The study further raises questions about the effectiveness of current AI safety protocols.
According to Bob Rogers, CEO of Oii.ai:
“Most serious AI practitioners who have worked in model safety and model security are well aware that a large AI model can conceal a multitude of sins.
“If AI models can learn to conceal their harmful behaviors rather than correct them, then our methods of testing and validating these safety measures may need to be reevaluated.
This means that we may have to consider developing new techniques for detecting deceptive behavior in AI, or perhaps even rethinking our approach to AI safety altogether.”
The study also underscores the importance of transparency and accountability in AI development. AI systems have become more integrated into our daily lives, and as such, users need to understand how these AI systems work and be convinced that they can trust them to behave safely. It shouldn’t just be about developing effective safety measures, but also ensuring that these measures are transparent and subject to scrutiny.
Will AI Regulations Be Enough?
The UK’s National Cyber Security Centre (NCSC), in collaboration with the US Cybersecurity and Infrastructure Security Agency (CISA) and other countries, released a comprehensive set of global guidelines designed for AI security.
The UK government has also introduced the AI Safety Institute to promote research on AI ethics and safety.
While all these efforts are commendable, Schwartzentruber recommends that training LLMs should be made accessible from scratch to give users visibility that will enable them to understand and control the data used in developing AI models.
“An alternative approach would be to improve the accessibility of training an LLM from scratch. Training an LLM from the ground up is no easy task, as it requires overcoming scaling issues such as data availability, costly compute requirements, and increased transparency/repeatability in the training methods.
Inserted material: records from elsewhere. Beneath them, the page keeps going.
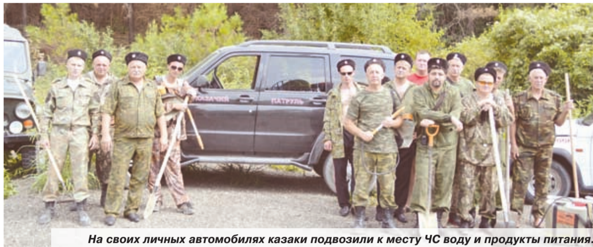
На своих личных автомобилях казаки подвозили к месту ЧС воду и продукты питания.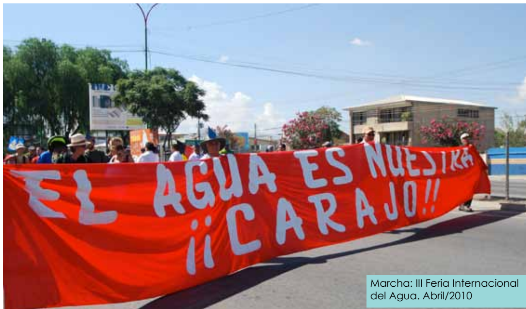
Marcha: III Feria Internacional del Agua. Abril/2010

Esperamos que nuestro primer boletín sirva para difundir el trabajo de la Plataforma sus objetivos y principios y la importancia de los acuerdos públicos comunitarios en el contexto de la defensa global del agua entendida como un bien común y un derecho humano.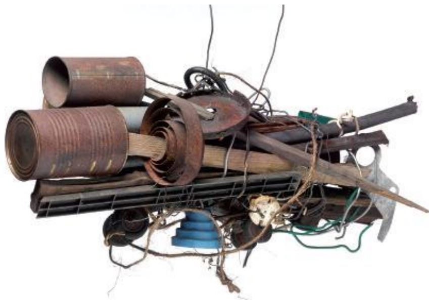
Sans titre, non daté, assemblage de matériaux divers, 16 x 40 cm

1916, AUGIREIN (FRANCE) / 1985, SAINT-LIZIER (FRANCE)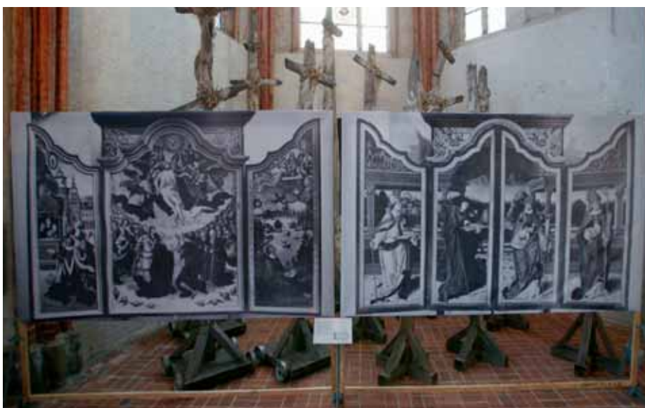
Der Dreifaltigkeitsaltar des Jacob von Utrecht, Innen- und Doppel-Klappflügel als fast 3 Meter hohe Schwarzweiß-Großfotos im südlichen Chorungang

Das Vorgehen erscheint bezeichnend für eine Generation, die in den 1950er-Jahren ihre Zeitgenossenschaft zu den NS-Jahren mit großer Tatkraft durch „Saubermachen“ verdrängte und sich zur Begründung auf eine ihnen von der Geschichte auferlegte „Bescheidenheit“ berief, durch die man unterschwellig wohl auch eine persönliche Läuterung erfahren haben mag. Dabei wurde der Fredenhagenaltar erwiesenermaßen schlicht Opfer einer rein geschmacklichen Entscheidung, die man mit einer heute allzu selbstgerecht erscheinenden protestantischen Ethik zu verbrämen verstand. Denn schon der hochfahrend-herrische Innenraum der gotischen Marienkirche dürfte wohl kaum dem 1958 „von uns geforderten Bekenntnis“ entsprochen haben ... Mit rigider Härte trennte man sich auch vom alten Kirchenfußboden: Bereits 1953 wich die geschichtsträchtige Pflasterung mit einst fast 200 steinernen Grabplatten einem „schlichten“ Ziegelfußboden. Die vielfach durch Brandfolgen geschädigten und geborstenen Platten konterkarierten die einen unbelasteten Neu-Beginn signalisierende Sauberkeit des Raumes, zumal, so die drei Jahre später nachgelieferte Begründung, zum „evangelischen Gottes-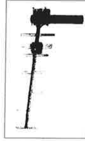
Yagi-Antenne Gain 10 dB Das sind 6 dB mehr als die Standardantenne und entspricht einer Erhöhung der Signalstärke um 3.

Option bei extrem schlechten Empfangsverhältnissen: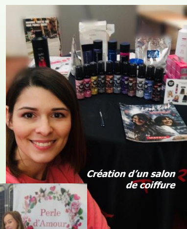
Création d'un salon de coiffure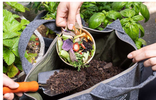
B) 生ごみから美味しい野菜をつくるコンポスト

“However, democratizing LLM training would mean that users would no longer be required to use pre-trained, commercial, or fine-tuned models that would be more susceptible to these vulnerabilities.
“Users would have more control and visibility into the development of their models, and the increased number of models would mean that no one approach would affect them all,” Schwartzentruber explained.
Arti Raman, Founder and CEO of Portal26, told Techopedia:
“We must treat AI safety just like we treat other long-standing security domains where new models or algorithms are put through rigorous testing by both standards organizations and the academic and professional community at large.
“Just like we know to not rely on arbitrary or home-grown encryption to secure data but to insist on NIST-validated and community-tested algorithms, in the same way, AI safety protocols should be published to the community and standards body and thoroughly examined before being released.”
Brian Prince, Founder & CEO of TopAITools, suggests that AI regulators must apply continuous monitoring, more advanced anomaly detection systems, and perhaps even incorporate AI to police AI.
The Bottom Line
When dealing with a technology that is smart enough to protect itself and cover up its harmful behaviors, industry leaders and AI providers need to collaborate among themselves to devise smart tests for the testing protocols themselves.
Given the sudden rise in the AI adoption rate, we must understand how AI systems work. First is recognizing that AI isn’t static — it learns and adapts frequently in ways we can’t foresee. As a result, our safety strategies must be just as adaptable.